These vast arcs and pockets are nowhere so apparent as in The California Poem’s “Timetable” inserted into center pages of the book. This timetable stretches from the settling of California 12,500 years ago, noted for being the point in time when “The Channel Islands are settled, ‘fire-reddened earth’” to our current date wherein the “Vandenberg Air Force Base plans to enlarge its facilities to construct a rocket-launching spaceport at Pt. Concepción (one of the oldest non-Native place-names in the U.S.), Chumash name humqaq—strategic as the gates from which the souls of the dead depart.” (80). With its compact form and grand scope of ages, this timetable speaks to the epic concerns of the project: generation and destruction, evolution and extinction, and the ways in which the names of things weave into a pattern of change wrought by time and human volition.

In terms of sensibility and project, the H.D. of Trilogy and Helen in Egypt and the William Carlos Williams of Paterson are The California Poem’s modernist parents. Although occupied with historical and scientific fact, the lyrical qualities and cadences of The California Poem’s “I” take after their mother, H.D. Both poets are visionary storytellers writing from spheres of knowledge founded upon personal relations and individual experience of history, text, and humanity. Early on in Sikelianos’s book we get a personal invocation of the power of imagination and vision to help the author reach across the country from her current location in New York to write about her homeland, California:

Eleni, I
does not kill as readily
as other animals “to abstract from my one self love, to enter it
in generality”like all the relaxed hoplites
of Lydia, Eleni, float
out over the East
River (85)

Here, we are assured, much as we are in H.D.’s Trilogy, that this is an epic born of personal experience and thought; there is no manufactured “speaker” in this poem, the “I” of the project is one and the same as the author writing the project. And as vision and dream create the driving energy of H.D.’s long poems, dream generates and sustains The California Poem: “I want to tell you about the dream,” Sikelianos says in the beginning pages of the poem, “The California is a paradise lake with colorful animals dream./ The when I go back to my homeland California is a paradise I am happy for you dream.”
If The California Poem receives much of its lyrical DNA from H.D., it gets its subject matter DNA from William’s epic, Paterson, for both works take for their subject matter and hero a physical place in the American landscape. The California Poem shares Paterson’s treatment of location via concern with local geography, language(s), customs, and the lives and deaths suffered by each location. Both poems trace these local elements across time through changes in the landscape and through such written artifacts as diary entries made by gold diggers during the gold rush (The California Poem) and newspaper articles describing the discovery of valuable pearls in the Notch Brook (Paterson). Both authors have a stunning capacity to telescope from the particular to the general in sweeping arcs of language, rendering both projects exercises, each in their own particular ways, of Williams’s famous dictate: no ideas but in things.
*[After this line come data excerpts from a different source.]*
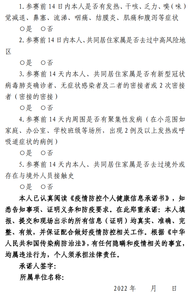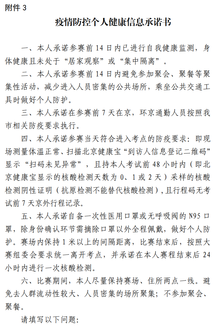 參加決賽的選手需嚴格遵守北京市疫情防控的有關(guān)規(guī)定,請考生提前申領(lǐng)北京健康寶, 查詢自身健康狀態(tài)。 考試當天,須持本人身份證、 《疫情防控個人健康信息承諾書》( 附件 3)、考試前 48 小時內(nèi)采樣的核酸檢測陰性證明( 即北京健康寶顯示的核酸檢測天數(shù)為 0、 1 或 2 天, 抗原檢測不能替代核酸檢測) 、 掃描北京健康寶“到訪人信息登記二維碼” 顯示“掃碼未見異常” 、 通信大數(shù)據(jù)行程卡無考試前 7 天京外行程記錄( 環(huán)京通勤人員須確認“通勤” 標識) , 且體溫正常, 方可進入考點參加考試。 所有考生應(yīng)在本人考試結(jié)束后 24 小時內(nèi)自行進行一次核酸檢測。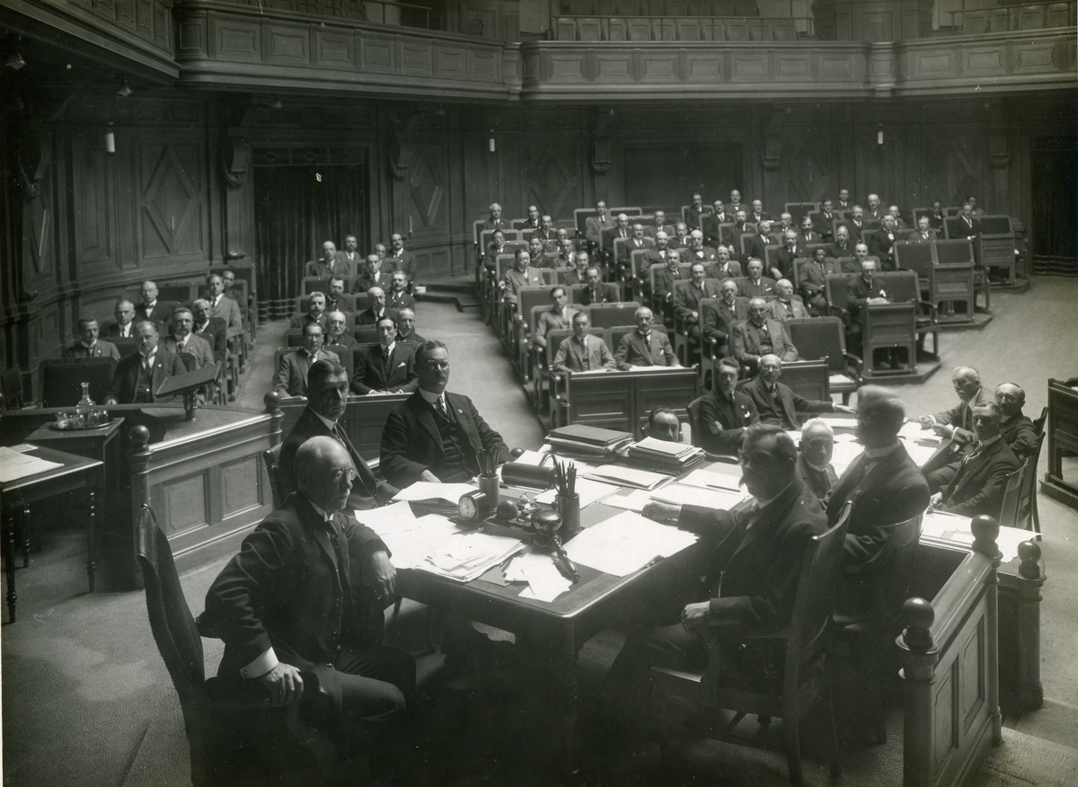 Världspostföreningens kongress i Stockholm1924, plenisammanträde i Riksdagshuset.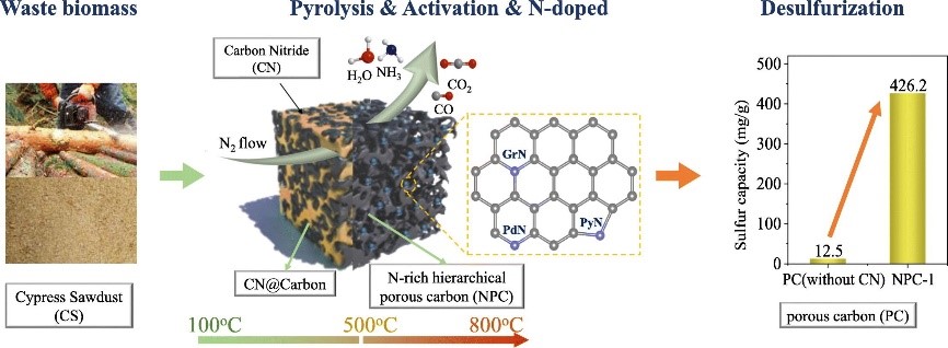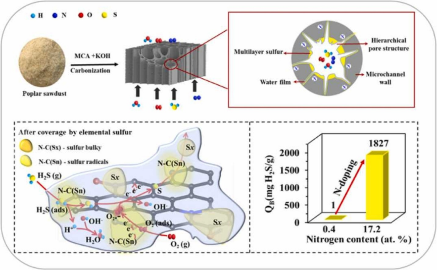 3. Jianping Wu, Wenhua Chen*, Lin Chen, Xia Jiang*. Super-high N-doping promoted formation of sulfur radicals for continuous catalytic oxidation of H2S over biomass derived activated carbon. J. Hazard. Mater. 2022, 424, 127648.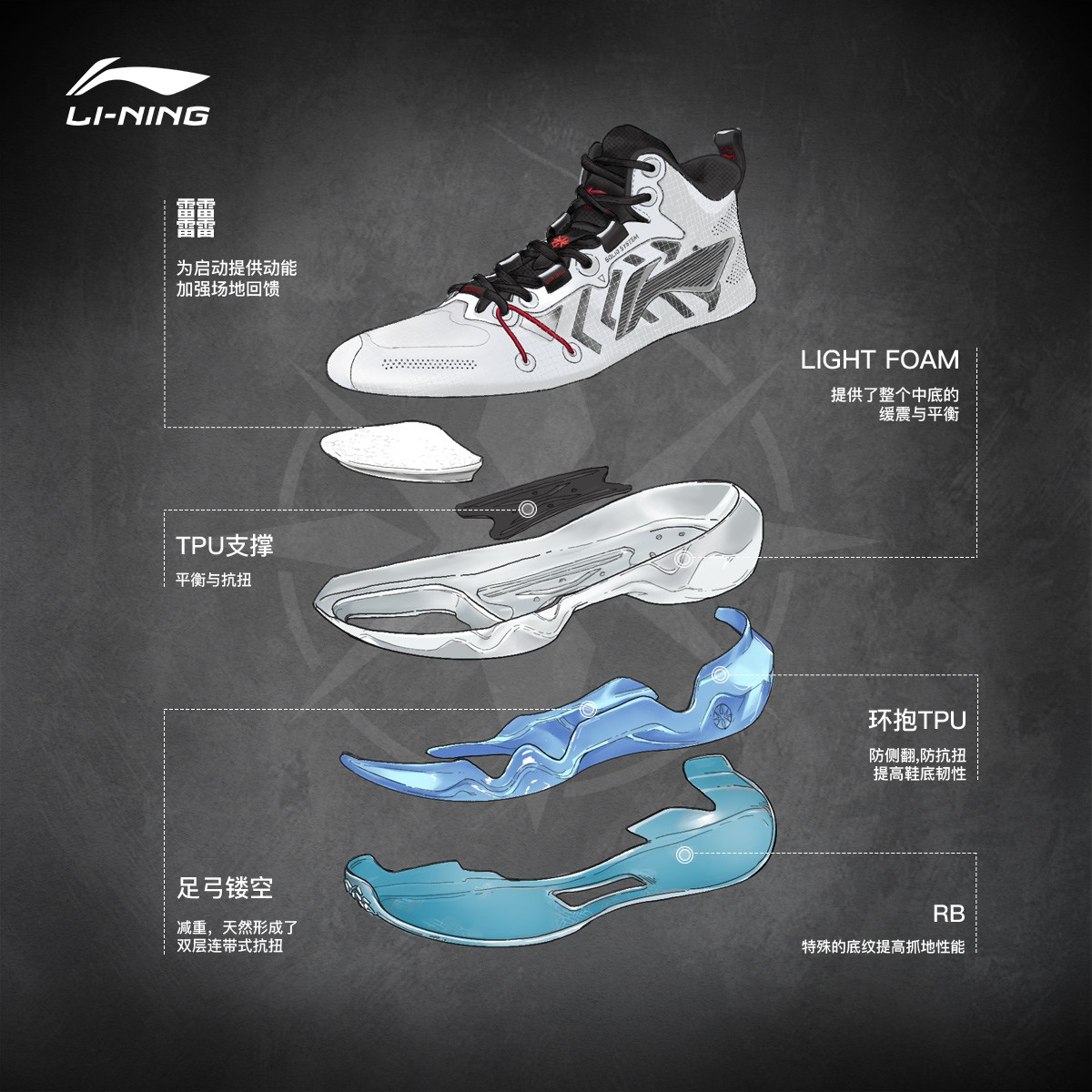 中底则延续了李宁多款战靴的设计精髓。

It is, in fact, the way in which Sikelianos approaches the “ideas” and “things” of California that sets her work apart from Paterson, for Sikelianos’s relationship to her subject fundamentally differs from Williams’s relationship to Paterson, New Jersey. Indeed, this shift in relationship may be the difference of primary importance between a twentieth century epic and a twenty-first century epic. A history of American place written in the aftermath of postmodernism, written post-9/11 and after Baudrillard’s epical America is bound, if the author has learned anything from the twentieth century, to differ from histories written inside of the last century. The difference is this: where Williams holds a metaphorical relationship to his subject matter, Sikelianos’s relationship to California is not metaphorical, but revelatory.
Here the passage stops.